20 March 20264 min read
Calculator note: Figures are illustrative. Rates from the Bank of England Statistical Interactive Database (series IUMBV34, IUMBV42). Property prices from BrickIntel price_paid data, category A only. The calculator uses a standard repayment formula with fixed monthly instalments. It does not account for lender fees, early repayment charges, or rate changes at deal expiry.

The mortgage calculator is on the Explore page, behind the Mortgage Calculator tab. It sits alongside the Mortgage Rates Trend charts. You can switch between them at any time.

Step 1: Find the calculator

Go to Explore in the left nav, then click Mortgage Calculator in the tab bar at the top of the page.

Explore page showing the Mortgage Rates Trend and Mortgage Calculator tab options
The Mortgage Calculator tab sits next to Mortgage Rates Trend at the top of the Explore page.

Step 2: Enter your property details

The calculator has six inputs across a single row.
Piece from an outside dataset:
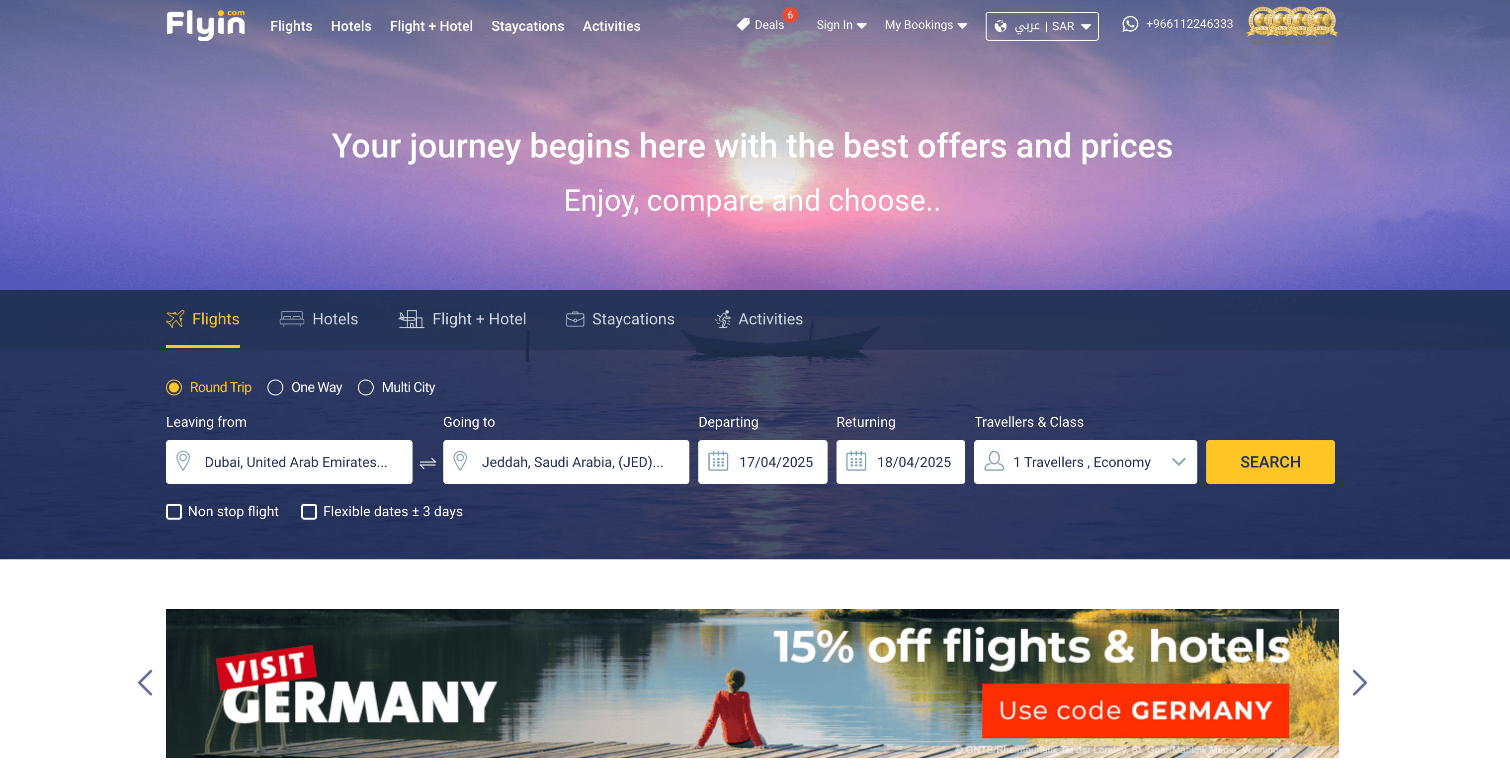 - Navigate to Flyin’s Flights or Hotels Search Result Page: Go to the relevant Flights or Hotels search result page.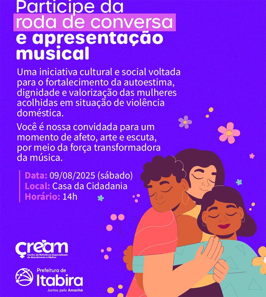 ITABIRA (MG) – O projeto Vozes Femininas – Do Silêncio ao Grito chega a Itabira no sábado dia 9 de agosto de 2025, com uma roda de conversa e apresentação musical voltada para mulheres em situação de vulnerabilidade. A ação será realizada na Casa da Cidadania Margarida Silva Costa, das 14h às 16h, com entrada gratuita. O endereço é Praça Dr. Acrísio Alvarenga – Centro, entre a Prefeitura e a Câmara Municipal.

Fill them left to right.

Calculator input row showing property value, deposit, mortgage type toggle, annual rate, term, and monthly overpayment fields
Six inputs: property value, deposit, mortgage type, annual rate, term, and monthly overpayment.
  • Property value: the purchase price, not the mortgage amount.
  • Deposit: the amount you are putting in. The loan amount and loan-to-value ratio calculate automatically below the inputs.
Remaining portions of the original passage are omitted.